Reason for this is ports other than 9200 and 9300 are needed between cluster nodes and containers only expose ports 9200 and 9300 . This blocks the communication. See ports connection sample in working state:
tcp 0 0 10.236.133.168:9300 10.236.133.170:39200 ESTABLISHED 14736/java
tcp 0 0 10.236.133.168:41268 10.236.133.169:9300 ESTABLISHED 14736/java
tcp 0 0 10.236.133.168:41275 10.236.133.169:9300 ESTABLISHED 14736/java
tcp 0 0 10.236.133.168:36775 10.236.133.87:2379 ESTABLISHED 11283/confd

warkolm · May 11, 2016, 11:28pm

By default ES will use 9300-9399 for node comms. It should usually only use 9300, but may pick another one in the range if that is taken.
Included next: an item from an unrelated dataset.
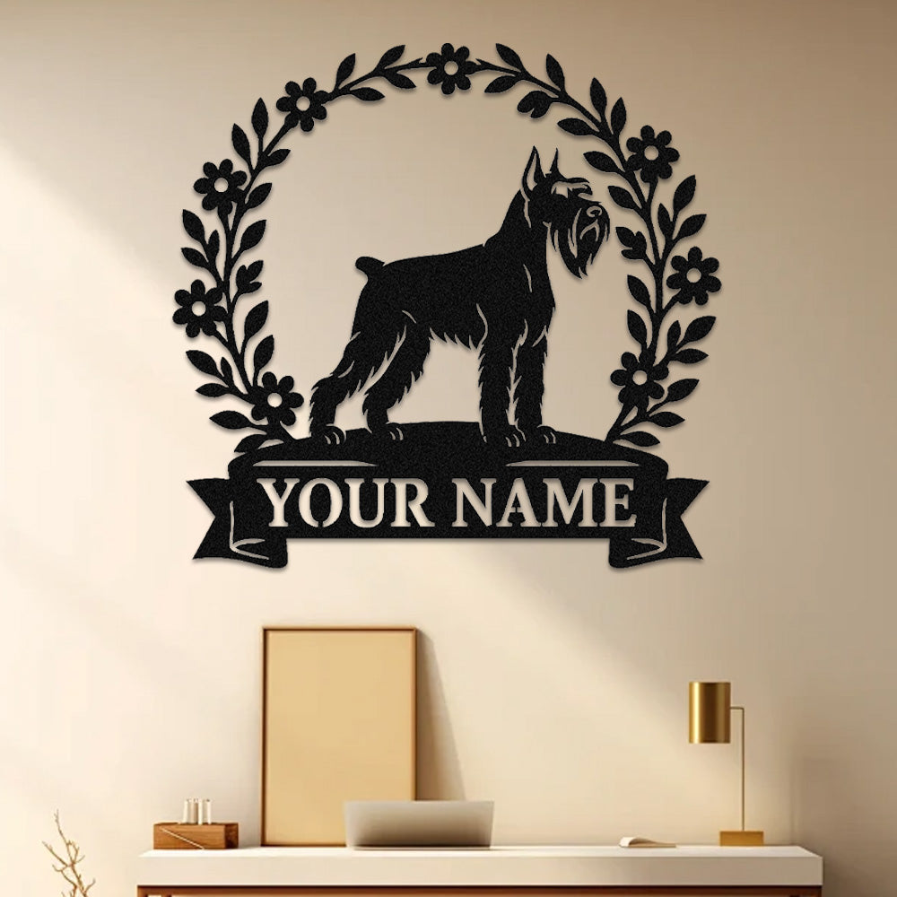 Giant Schnauzer Wreath Metal Wall Art Dog Lover Personalized Memorial Metal Sign

ajay_bh111 · May 13, 2016, 5:53pm

My concern is how can I force ES the ports in bold to be 9300 instead of random ports. See below:

tcp 0 0 10.236.133.168:41268 10.236.133.169:9300 ESTABLISHED 14736/java
tcp 0 0 10.236.133.168:41275 10.236.133.169:9300 ESTABLISHED 14736/java

warkolm · May 15, 2016, 6:41am

Those are the originating ports and will always be random. You can see the second IP:PORT combo has 9300, that is the destination for that connection and shows that ES is listening on 9300.